Correlations between neutrophil granule protein level (including MPO and NE), CD4+ T cells, and pyroptosis biomarkers (including NLRP3, Caspase-1, and GSDMD) in patients with sepsis. The correlation between MPO levels and CD4+ T cells (r = −0.4039, p < 0.0001), MPO levels and CD4+NLRP3 levels (r = 0.4868, p < 0.0001), MPO levels and CD4+Caspase-1 levels (r = 0.5510, p < 0.0001), and MPO levels and CD4+GSDMD levels (r = 0.5416, p < 0.0001). The correlation between NE levels and CD4+ T cells (r = −0.5140, p < 0.0001), NE levels and CD4+NLRP3 levels (r = 0.6513, p < 0.0001), NE levels and CD4+Caspase-1 levels (r = 0.6921, p = 0.0002), and NE levels and CD4+GSDMD levels (r = 0.6084, p < 0.0001).
Discussion
Our study first evaluated the role of plasma neutrophil granule protein level in patients with SAL. To explore the relationship between neutrophil granule proteins and SAL, we evaluated the levels of plasma neutrophil granule proteins within 24 h after admission. We found that higher plasma neutrophil granule protein levels showed close relationship with the incidence of lymphopenia in patients with sepsis. Moreover, patients with sepsis with high neutrophil granule protein levels had lower CD4^+^ T lymphocyte counts and higher levels of biomarkers of pyroptosis. The significant correlation between neutrophil granule proteins and CD4^+^ T-cell counts and levels of biomarkers of pyroptosis revealed that plasma neutrophil granule proteins may play a role in SAL through the pyroptosis pathway of CD4^+^ T cells.
Immunosuppressive changes, often implicated in increased susceptibility to secondary infections (16, 17), are a main cause of overall mortality of patients with sepsis (18). The immune system is composed of the innate and the adaptive immune system. Research over the last decade has documented neutrophil heterogeneity and functional versatility far beyond their antimicrobial function (19). Emerging evidence indicates that neutrophils utilize granule proteins to interact with innate and adaptive immune cells and regulate the inflammatory response.
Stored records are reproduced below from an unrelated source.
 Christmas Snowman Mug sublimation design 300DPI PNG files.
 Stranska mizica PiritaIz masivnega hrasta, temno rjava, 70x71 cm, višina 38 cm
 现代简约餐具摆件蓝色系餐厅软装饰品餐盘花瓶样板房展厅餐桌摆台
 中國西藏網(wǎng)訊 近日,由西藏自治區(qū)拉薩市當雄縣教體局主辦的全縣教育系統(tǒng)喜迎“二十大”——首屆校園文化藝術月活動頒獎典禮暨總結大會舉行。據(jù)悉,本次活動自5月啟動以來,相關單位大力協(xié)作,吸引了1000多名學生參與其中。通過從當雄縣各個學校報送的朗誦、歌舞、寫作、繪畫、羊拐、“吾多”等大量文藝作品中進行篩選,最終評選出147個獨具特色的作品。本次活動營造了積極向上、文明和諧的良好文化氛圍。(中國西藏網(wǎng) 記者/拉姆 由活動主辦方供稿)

Our study explored that patients with SAL had higher plasma neutrophil granule protein levels than controls did. Neutrophil granule proteins were independently associated with lymphopenia risk (MPO: OR = 1.0841, 95% CI, 1.0020–1.1730, p = 0.0446; NE: OR = 1.0540, 95% CI, 1.0040–1.1065, p = 0.0339). The area under the ROC curve in predicting SAL occurrence for MPO was 0.939 (95% CI, 0.846–0.984; p < 0.0001), whereas that for NE was 0.950 (95% CI, 0.862–0.989; p < 0.0001). Overall, patients with sepsis with high neutrophil granule protein levels had longer ICU stays and higher mortality, more severe organ dysfunction, and frequent need for organ support. Our study firstly explored the effects of neutrophil granule proteins in patients with sepsis with lymphopenia.
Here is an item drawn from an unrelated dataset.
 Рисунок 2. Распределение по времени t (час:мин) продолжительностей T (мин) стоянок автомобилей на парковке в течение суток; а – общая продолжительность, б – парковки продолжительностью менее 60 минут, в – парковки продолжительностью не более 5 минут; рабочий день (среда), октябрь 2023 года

Different cell types and characteristics were involved in immunosuppression in patients with sepsis. A major reason for immunosuppression in sepsis is the depletion of immune cells (20, 21). Notably, the abnormal quantity and function of CD4^+^ T cells cannot be ignored in the development and progression of immunosuppression (22). Previous research has shown that NETs may interact with adaptive immune cells through different pathways (23, 24). In our study, patients with high neutrophil granule proteins had significantly fewer CD4^+^ T cells [192 (58–171) vs. 443 (230–655), p < 0 <.0001]. Neutrophil granule proteins were closely related to the CD4^+^ T-cell count (MPO vs. CD4^+^ T-cell count, r = −0.4039, p < 0.0001; NE vs. CD4^+^ T-cell count, r = −0.5140, p < 0.0001). In addition to traditional signal transduction between the innate and adaptive immune system (21, 25), the connections between neutrophil granule proteins and T lymphocytes deserve further exploration.
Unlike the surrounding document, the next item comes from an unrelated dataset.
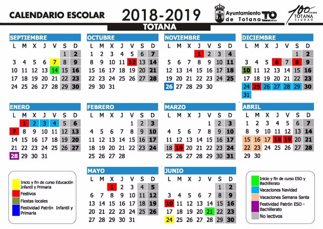 El curso escolar 2018/19 en el municipio de Totana comenzará en Educación Infantil y Primaria el próximo 7 de septiembre; y en la Educación Secundaria Obligatoria (ESO) y Bachillerato el 14 y en Formación Profesional (FP) el 21 del mismo mes, según informan fuentes de la Concejalía de Educación.

As a type of programmed cell death discovered in recent years, pyroptosis of immune cell in sepsis is complicated (26). A protective role in sepsis was initially thought with the downregulation of inflammation, but an increasing number of studies have demonstrated the disadvantages of excessive pyroptosis (27, 28). Observational study findings have suggested that the NLRP3 inflammasome may drive post-septic immunosuppression (29, 30). Our previous study verified that canonical pyroptosis is an important mechanism underlying CD4^+^ T-cell lymphocytopenia during sepsis (8, 31). In this study, biomarkers of CD4^+^ T-cell pyroptosis were evaluated in groups with different neutrophil granule protein levels. Levels of NLRP3 [78.4 (65.9–90.9) vs. 31.3 (6.2–56.3), p < 0.0001], Caspase-1 [56.2 (36.0–76.4) vs. 19.4 (1.4–37.5), p < 0.0001], and GSDMD [26.5 (17.4–35.6) vs. 7.9 (0.9–14.9), p < 0 <.0001] were significantly higher in the high neutrophil granule protein level group. Neutrophil granule proteins are closely related to CD4^+^ T-cell pyroptosis. We hypothesize that neutrophil granule proteins may participate in SAL through CD4^+^ T-cell pyroptosis.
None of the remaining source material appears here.